- Born: 31 May 1950 (age 76)
- Occupation: Linguist

Academic background
- Alma mater: University of Santiago de Compostela

Academic work
- Institutions: University of Santiago de Compostela

= Mercedes Brea López =

Spanish linguist

María de las Mercedes Brea López, born in Estrada on 31 May 1950, is a Galician philologist in the department of Romance Philology at the University of Santiago de Compostela.

== Career ==
In 1972 she graduated with a degree in Philosophy and Letters (department of Romance Philology) from the University of Santiago de Compostela, receiving two awards: the 'Premio extraordinario fin de carreira' and the 'Premio nacional fin de carreira'. In 1973 she started to teach classes at the USC. Later, in 1975, she received her doctorate in Romance Philology.
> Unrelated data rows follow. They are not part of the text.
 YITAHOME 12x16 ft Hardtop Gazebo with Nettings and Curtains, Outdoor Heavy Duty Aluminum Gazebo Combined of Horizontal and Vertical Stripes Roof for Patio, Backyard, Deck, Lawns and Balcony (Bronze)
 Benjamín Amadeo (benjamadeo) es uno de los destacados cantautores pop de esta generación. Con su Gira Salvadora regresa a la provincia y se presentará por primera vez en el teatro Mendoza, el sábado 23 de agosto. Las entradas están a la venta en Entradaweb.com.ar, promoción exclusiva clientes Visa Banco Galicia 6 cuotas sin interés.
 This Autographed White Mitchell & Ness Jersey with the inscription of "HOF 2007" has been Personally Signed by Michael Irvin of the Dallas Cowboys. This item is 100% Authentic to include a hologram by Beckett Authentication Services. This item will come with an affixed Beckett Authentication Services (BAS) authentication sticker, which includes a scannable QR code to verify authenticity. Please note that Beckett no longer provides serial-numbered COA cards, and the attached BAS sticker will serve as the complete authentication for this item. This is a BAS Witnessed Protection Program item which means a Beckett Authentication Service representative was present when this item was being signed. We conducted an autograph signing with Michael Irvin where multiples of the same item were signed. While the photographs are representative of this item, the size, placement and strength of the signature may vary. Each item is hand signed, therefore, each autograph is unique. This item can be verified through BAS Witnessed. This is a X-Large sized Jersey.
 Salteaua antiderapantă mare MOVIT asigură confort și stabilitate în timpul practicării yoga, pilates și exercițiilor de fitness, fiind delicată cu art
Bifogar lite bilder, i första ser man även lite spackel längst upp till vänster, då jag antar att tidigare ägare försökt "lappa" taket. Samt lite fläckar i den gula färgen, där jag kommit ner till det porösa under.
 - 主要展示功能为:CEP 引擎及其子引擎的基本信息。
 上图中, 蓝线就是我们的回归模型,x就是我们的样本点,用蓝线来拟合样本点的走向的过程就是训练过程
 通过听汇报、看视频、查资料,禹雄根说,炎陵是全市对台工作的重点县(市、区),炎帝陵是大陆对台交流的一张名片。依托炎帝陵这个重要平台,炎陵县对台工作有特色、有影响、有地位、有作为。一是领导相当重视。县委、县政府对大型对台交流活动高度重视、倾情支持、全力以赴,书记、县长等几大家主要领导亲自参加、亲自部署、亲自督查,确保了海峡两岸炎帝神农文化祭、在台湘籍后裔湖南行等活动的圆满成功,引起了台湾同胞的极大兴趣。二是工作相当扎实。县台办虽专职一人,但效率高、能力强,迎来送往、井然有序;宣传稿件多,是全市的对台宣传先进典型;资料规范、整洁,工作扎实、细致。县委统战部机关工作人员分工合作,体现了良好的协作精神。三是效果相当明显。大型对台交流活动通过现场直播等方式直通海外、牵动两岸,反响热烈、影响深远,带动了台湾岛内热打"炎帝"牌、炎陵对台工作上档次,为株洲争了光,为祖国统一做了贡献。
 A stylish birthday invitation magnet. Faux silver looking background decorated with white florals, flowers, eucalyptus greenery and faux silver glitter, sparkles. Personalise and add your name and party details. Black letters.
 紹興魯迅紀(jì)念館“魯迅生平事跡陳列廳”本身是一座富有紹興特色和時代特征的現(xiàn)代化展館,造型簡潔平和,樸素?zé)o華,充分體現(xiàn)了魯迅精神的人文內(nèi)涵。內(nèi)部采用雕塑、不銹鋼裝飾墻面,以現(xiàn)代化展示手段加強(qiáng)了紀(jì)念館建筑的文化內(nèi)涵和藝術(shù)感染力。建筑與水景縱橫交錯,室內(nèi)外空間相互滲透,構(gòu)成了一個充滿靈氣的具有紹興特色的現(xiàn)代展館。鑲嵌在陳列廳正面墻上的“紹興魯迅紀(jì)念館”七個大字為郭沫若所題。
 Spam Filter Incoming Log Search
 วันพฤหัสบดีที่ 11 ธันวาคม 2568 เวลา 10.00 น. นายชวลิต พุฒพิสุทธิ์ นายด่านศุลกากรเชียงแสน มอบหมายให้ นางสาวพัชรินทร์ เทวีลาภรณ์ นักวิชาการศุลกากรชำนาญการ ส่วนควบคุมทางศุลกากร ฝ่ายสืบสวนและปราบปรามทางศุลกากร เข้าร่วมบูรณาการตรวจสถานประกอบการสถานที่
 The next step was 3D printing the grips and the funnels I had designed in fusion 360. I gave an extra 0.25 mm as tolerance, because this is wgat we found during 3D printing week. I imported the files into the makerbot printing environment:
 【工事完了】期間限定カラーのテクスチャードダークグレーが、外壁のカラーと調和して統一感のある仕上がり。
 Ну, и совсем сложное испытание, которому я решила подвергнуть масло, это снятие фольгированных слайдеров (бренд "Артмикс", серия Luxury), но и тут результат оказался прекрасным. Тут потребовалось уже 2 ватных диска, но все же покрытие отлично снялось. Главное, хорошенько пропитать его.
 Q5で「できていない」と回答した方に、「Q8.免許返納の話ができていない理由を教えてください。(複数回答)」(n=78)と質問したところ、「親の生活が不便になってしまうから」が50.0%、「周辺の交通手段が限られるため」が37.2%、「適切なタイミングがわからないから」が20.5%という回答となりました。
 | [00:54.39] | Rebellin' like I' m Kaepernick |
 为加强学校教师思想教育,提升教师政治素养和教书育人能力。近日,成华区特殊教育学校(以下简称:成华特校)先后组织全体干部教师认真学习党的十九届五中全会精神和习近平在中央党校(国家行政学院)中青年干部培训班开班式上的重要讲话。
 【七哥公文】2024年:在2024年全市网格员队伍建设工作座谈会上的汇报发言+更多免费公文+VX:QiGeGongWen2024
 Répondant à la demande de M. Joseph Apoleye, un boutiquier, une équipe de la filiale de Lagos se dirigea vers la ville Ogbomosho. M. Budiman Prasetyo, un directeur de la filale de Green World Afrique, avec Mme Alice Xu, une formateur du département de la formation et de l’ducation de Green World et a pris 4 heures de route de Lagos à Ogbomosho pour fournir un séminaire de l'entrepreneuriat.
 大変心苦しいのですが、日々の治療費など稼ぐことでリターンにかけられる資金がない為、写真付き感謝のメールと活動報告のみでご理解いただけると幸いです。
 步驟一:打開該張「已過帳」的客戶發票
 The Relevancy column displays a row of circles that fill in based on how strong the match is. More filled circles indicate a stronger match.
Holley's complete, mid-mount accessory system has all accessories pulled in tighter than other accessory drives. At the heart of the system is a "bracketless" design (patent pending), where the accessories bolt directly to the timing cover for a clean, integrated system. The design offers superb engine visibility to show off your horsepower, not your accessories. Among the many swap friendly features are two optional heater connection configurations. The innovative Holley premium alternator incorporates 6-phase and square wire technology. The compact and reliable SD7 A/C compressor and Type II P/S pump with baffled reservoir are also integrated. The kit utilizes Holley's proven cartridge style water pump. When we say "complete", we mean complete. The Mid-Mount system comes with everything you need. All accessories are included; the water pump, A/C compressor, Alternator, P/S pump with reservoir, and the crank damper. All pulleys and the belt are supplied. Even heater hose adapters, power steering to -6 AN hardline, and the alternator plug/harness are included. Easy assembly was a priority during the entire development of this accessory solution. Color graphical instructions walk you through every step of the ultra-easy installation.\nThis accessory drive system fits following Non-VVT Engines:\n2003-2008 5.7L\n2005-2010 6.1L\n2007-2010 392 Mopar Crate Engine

In 1983 she started to work at the University of Granada, becoming a professor there in 1984. She returned to the USC in 1986. In 2000 she was elected dean of the Faculty of Philology at the University of Santiago de Compostela. She was also director of the University Press and Vice Chancellor of Staff at the USC.

She also directs the doctoral programme in Arts and Humanities, Social and Legal Sciences, and coordinates the research group GI-1350 at the USC, as well as the Network of interdisciplinary medieval studies which is funded by the Xunta de Galicia.

She has published work in journals like Verba, Grial, Revista Galega do Ensino and Revistas de Lenguas y Literaturas Catalana, Gallega y Vasca. She is Principal Investigator on the project 'O cancioneiro de xograres galegos'.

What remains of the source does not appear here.